Peningkatan kebutuhan masyarakat akan berimplikasi pada produksi sampah yang dihasilkan, tidak terkecuali sampah yang mengandung bahan berbahaya dan beracun atau yang lebih dikenal dengan B3. Sektor industri dianggap sebagai sumber penghasil B3, tetapi kenyataannya aktifitas rumah tangga juga menjadi salah satu sumber penghasil sampah B3. Pembuangan sampah B3 dalam permukiman hanya 3,9% dari total sampah domestik, tetapi karena populasi penduduk yang terus meningkat dan tidak ada penanganan khusus, maka akan menimbulkan bahaya yang serius terhadap lingkungan dan kesehatan manusia.
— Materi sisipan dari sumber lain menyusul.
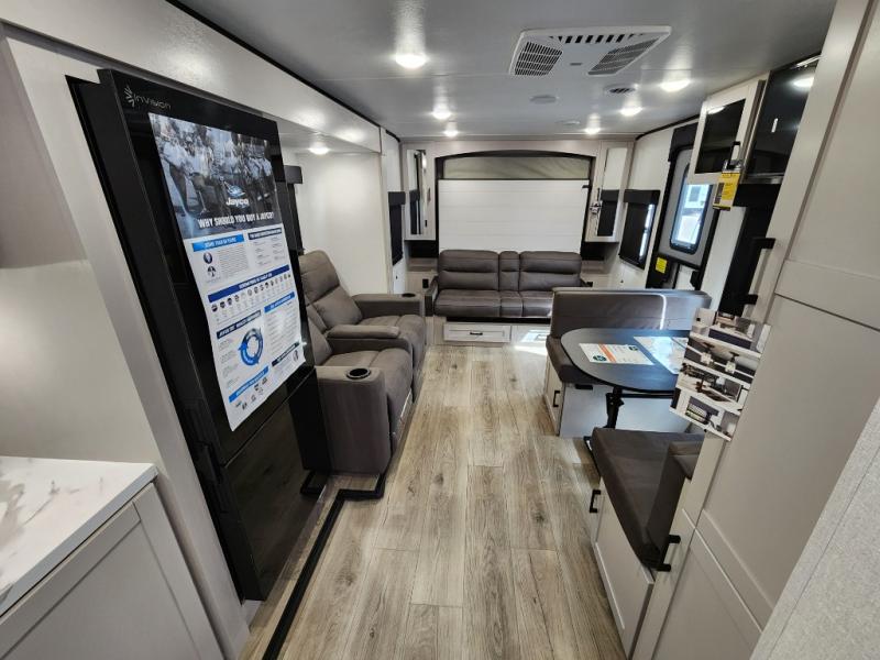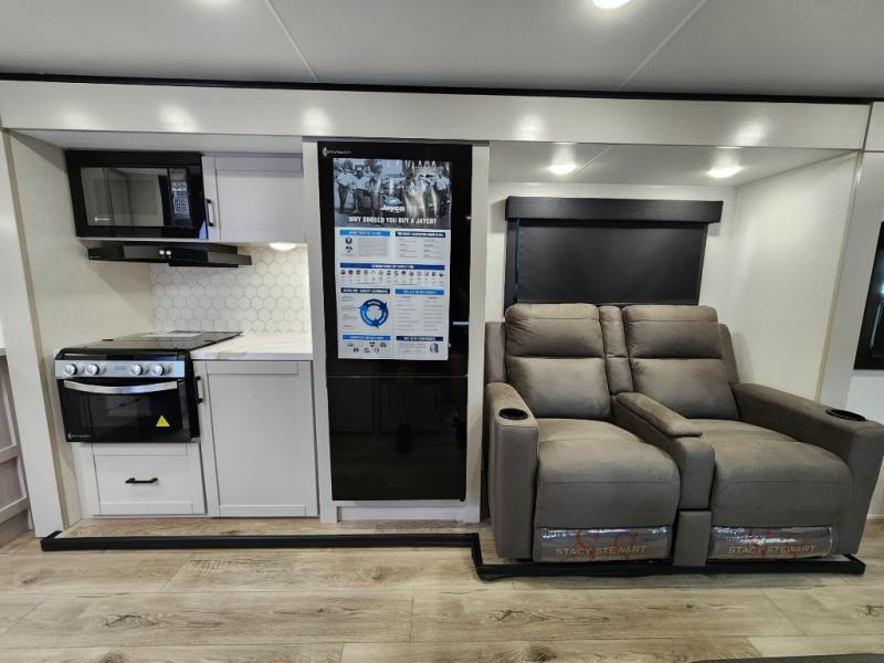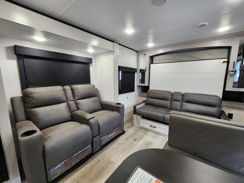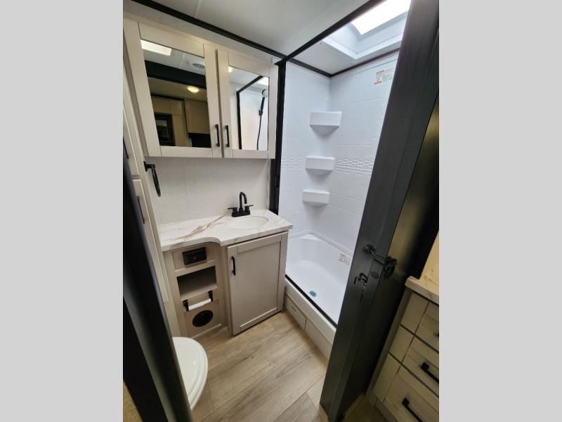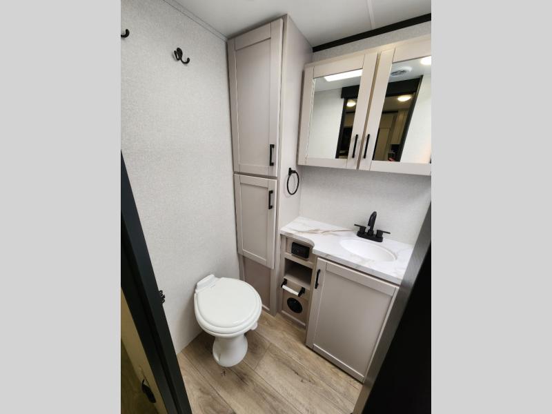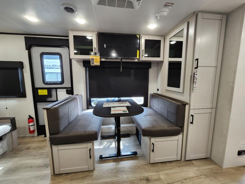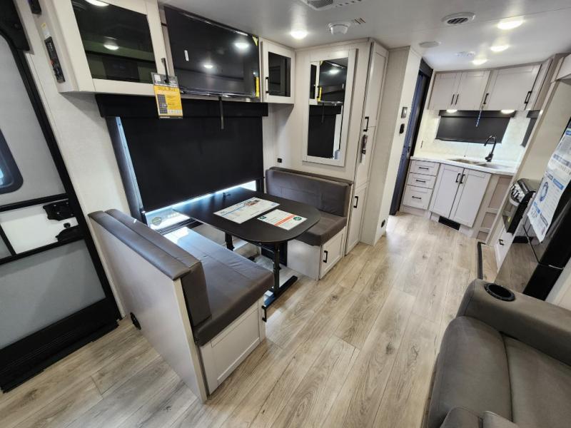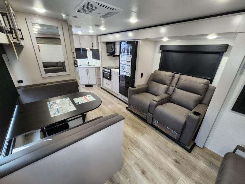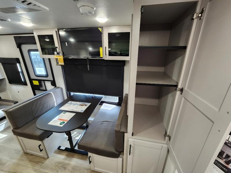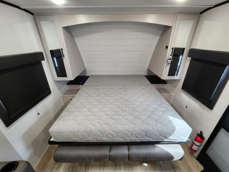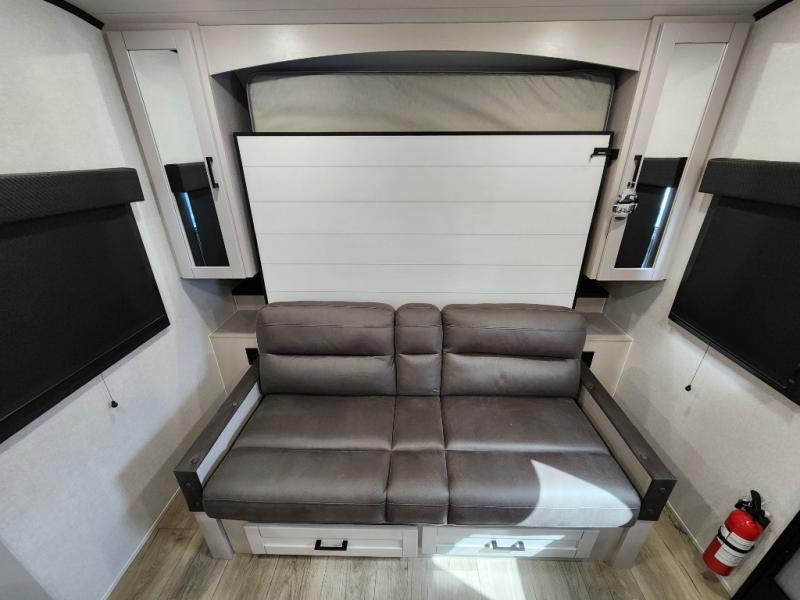 If you wish to escape the hustle and bustle of everyday life then you need this travel trailer! It features a front 60" x 75" Murphy bed with wardrobes on either side for bedtime and a jackknife sofa during the day. You can play games at the booth dinette after enjoying a delicious meal prepared with the three burner cooktop or relax at the theater seating with table trays and enjoy the LED TV. The rear corner bathroom has a shower with a skylight for you to get cleaned up in, as well as a linen closet to store your towels. There is exterior storage space to keep your outdoor gear, a 15' power awning to protect you from the elements.

Kebiasaan masyarakat di daerah perkotaan (85,3%) umumnya mencampur semua komponen sampah rumah tangga (RT), termasuk sampah B3. Hal tersebut bertentangan dengan Undang-Undang RI No.18 Tahun 2008 tentang Pengelolaan Sampah Pasal 22 ayat (1), yang mengatur bahwa "Pemilahan dalam bentuk pengelompokan dan pemisahan sampah sesuai dengan jenis, jumlah, dan/atau sifat sampah". Meskipun kehadiran sampah B3 RT dalam timbulan sampah kota masih relatif kecil, atau sekitar 0,3-0,5% di rumah tangga, namun perlu diupayakan penanganan yang komprehensif.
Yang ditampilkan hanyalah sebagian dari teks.